No que respeita à mitologia das plantas, a edição de «Vergel de Amor» como que complementariza o significado do Jardim-Horto de Camões, a inaugurar em Junho, sob o alto patrocínio do governo de Macau, uma vez que dele participam, tanto quanto possível desde já, todas as plantas de que fala Camões, na «Lírica» e em «Os Lusíadas».

Poético, malicioso, científico, segundo os conhecimentos da época, quando ainda não estava espalhado o conhecimento de Garcia de Orta sobre as plantas da Índia (recorda-se que Camões prefaciou esta obra traduzida no seu tempo em várias línguas), os comentários de Manuel Faria y Sousa partem de conceitos já no século XVII ultrapassados mas nem por isso menos fascinantes. Daí que «Vergel de Amor» possua um encanto muito superior à própria factura do poema.

Todavia, há ainda, repito, outra razão, para esta nota à «Sétima Elegia», digamos que até certo ponto, a consubstanciação de algo que é o espírito do Horto, um museu botânico, legendado pelos versos de Camões em cada espécie, bela criação do ilustre arquiteto-paisagista Gonçalo Ribeiro Teles, com seus laguinhos e repuxos, uma cascatinha, um lago chinês sobre o qual se ergue um pavilhão, cujos elementos cerâmicos vieram directamente de Macau, oferecidos pelo governo do território.

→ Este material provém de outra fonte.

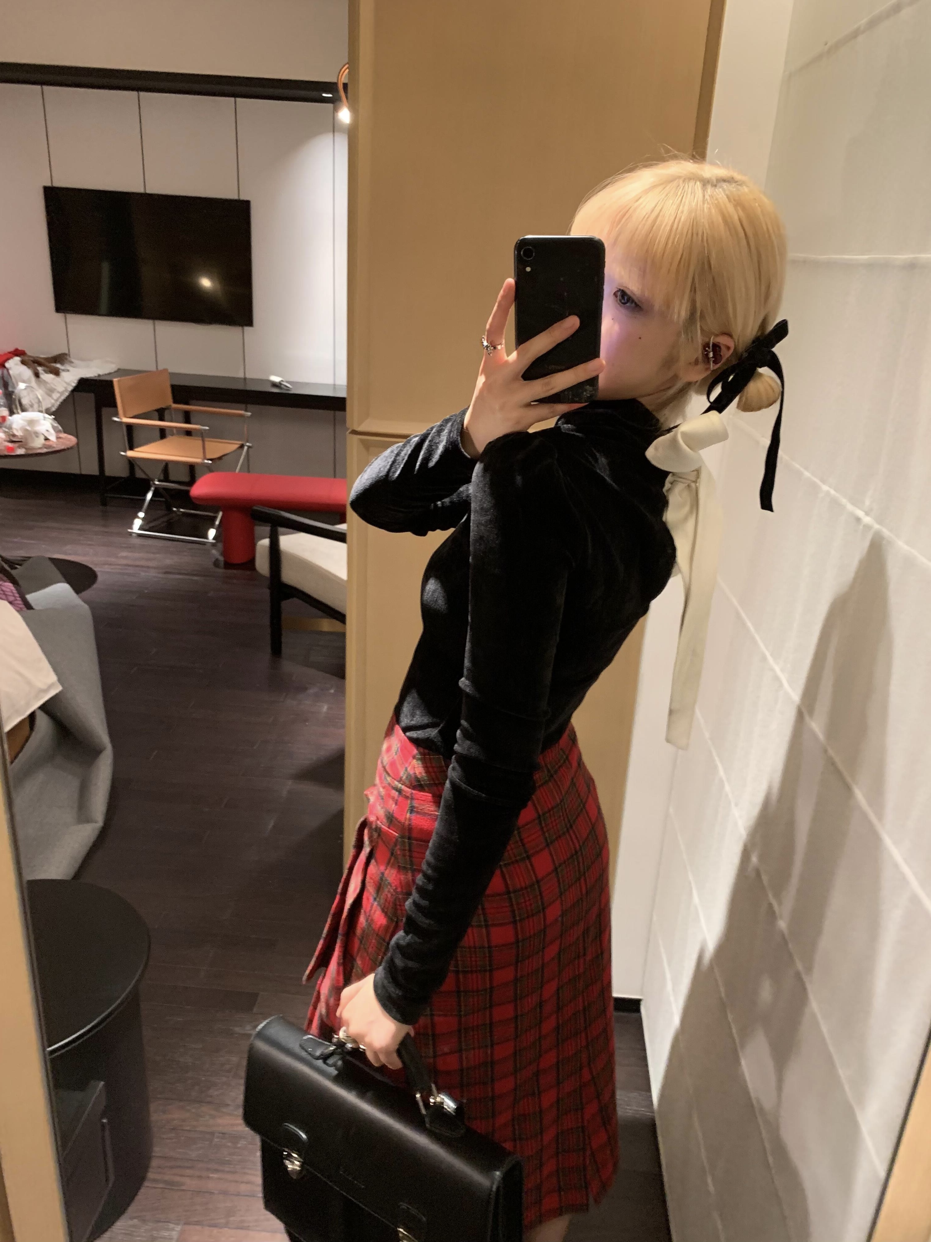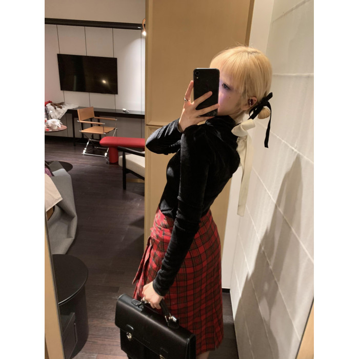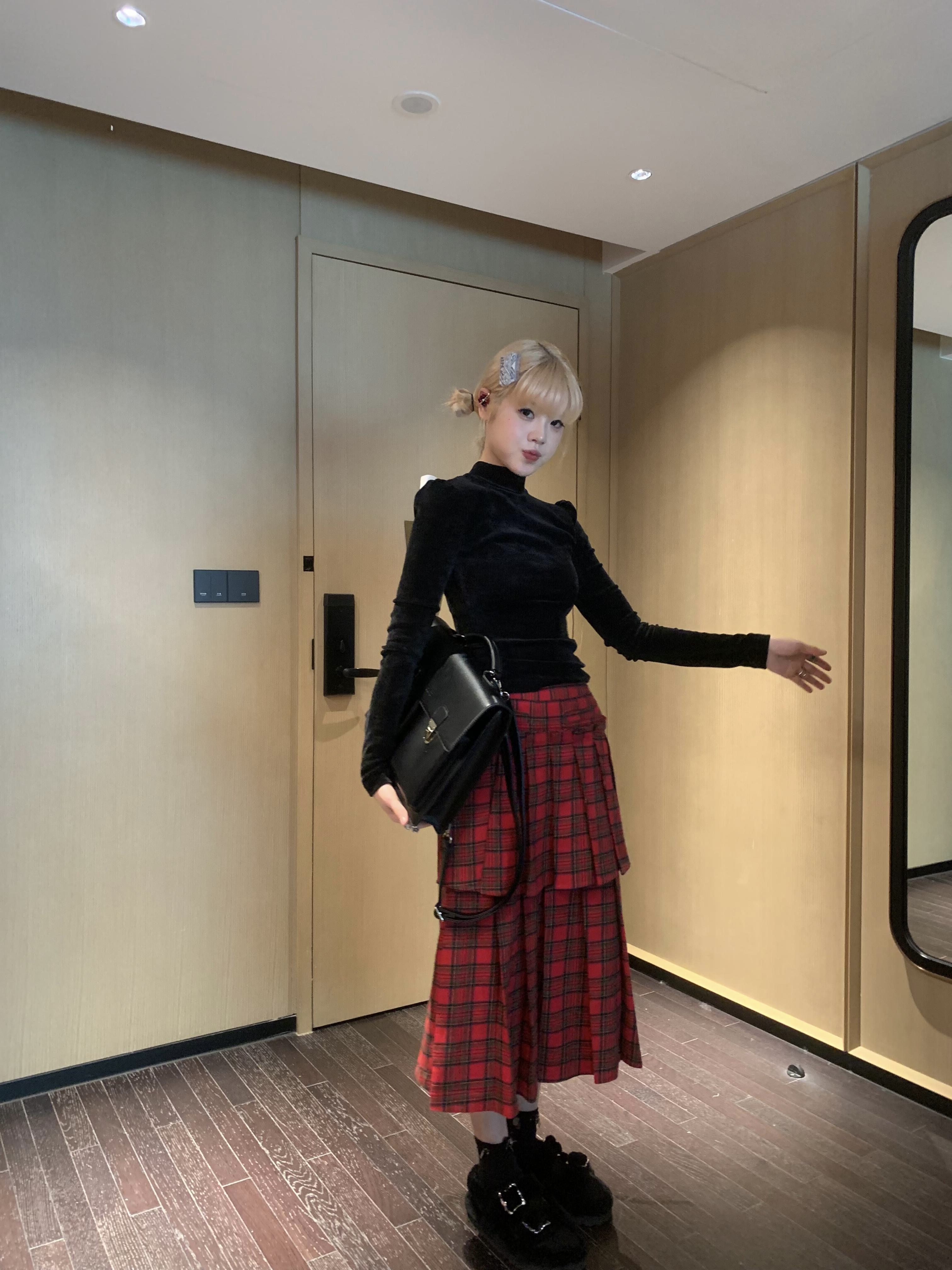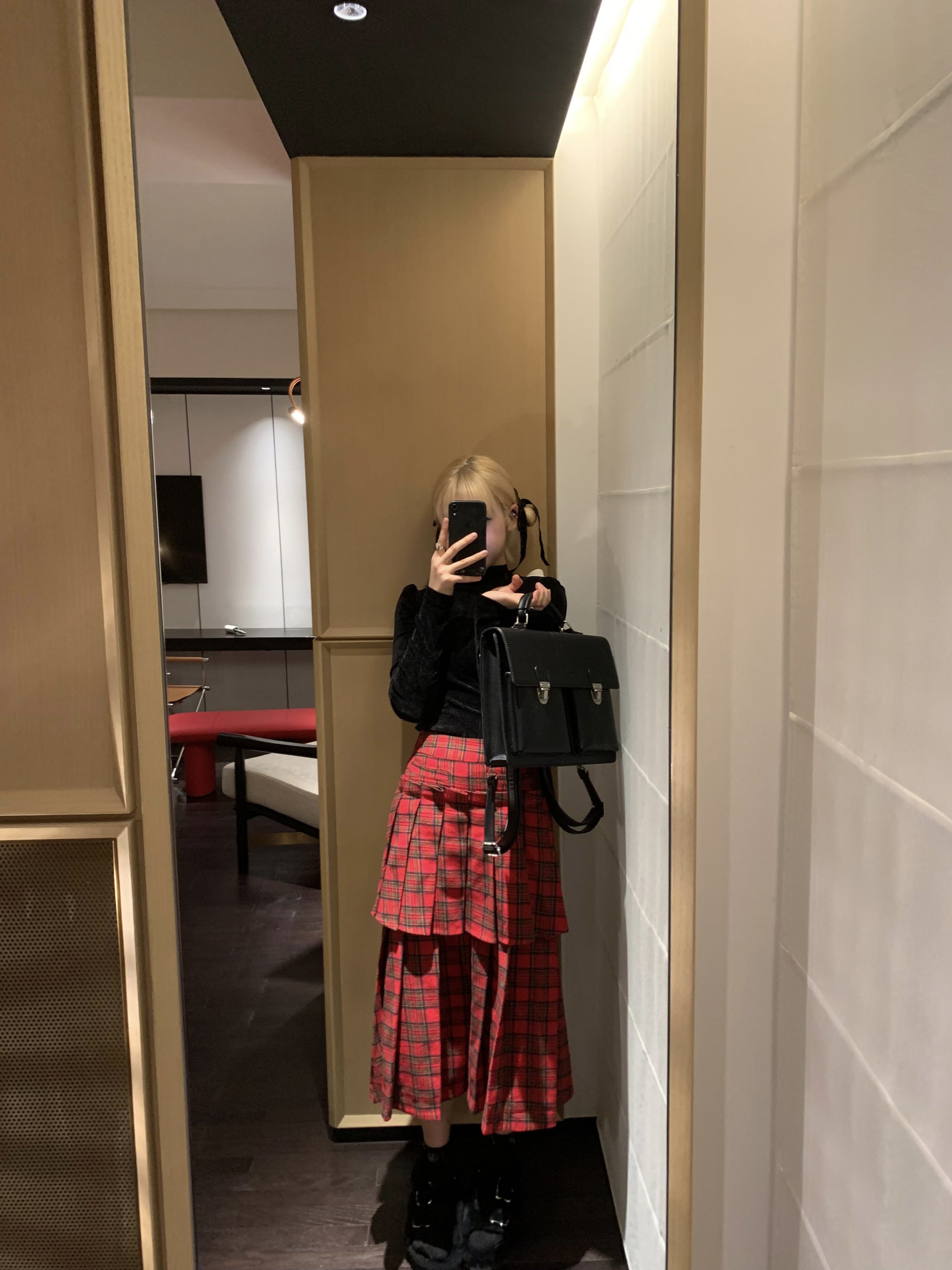 PlaceOrder 復古聖誕紅格子半身雙層設計壓褶A字秋冬中長裙子

E como se não bastasse este conjunto de elementos artísticos e pedagógicos, há que ver, feito de vidraço preto e branco, desenhado no chão de um auditório para 250 pessoas, o Planetário de Ptolomeu , inspirador de Camões no canto X de «Os Lusíadas». No seu extenso monólogo, Vénus explica a Vasco da Gama, apontando-lhe um globo «vindo no ar» que o lume claríssimo por ele penetrava:

Vês aqui a grande máquina do Mundo,

Etérea e elemental, que fabricada

Assi foi do Saber alto e profundo,

Que é sem princípio e meta limitada.

Quem cerca em derredor este rotundo

Globo e a sua superfície tão limada,

É Deus: mas o que é Deus, ninguém o entende,

Que a tanto o engenho humano não se estende.

(est. 80)  

No entanto do que eu pretendo falar é da «Sétima Elegia». O Poeta, diante daquele vergel cheio de variegadas plantas ( flores, árvores de fruto, espécies silvestres), imitando Virgílio, rematava o seu vocativo:

E vós, ovelhas minhas, sem piedade,

Vos apartai de mim, se algum desejo

Tendes de ter do pasto mais vontade

(...)

lograi do Tejo plácido ruído;

Sós, lograi estas veigas florescidas...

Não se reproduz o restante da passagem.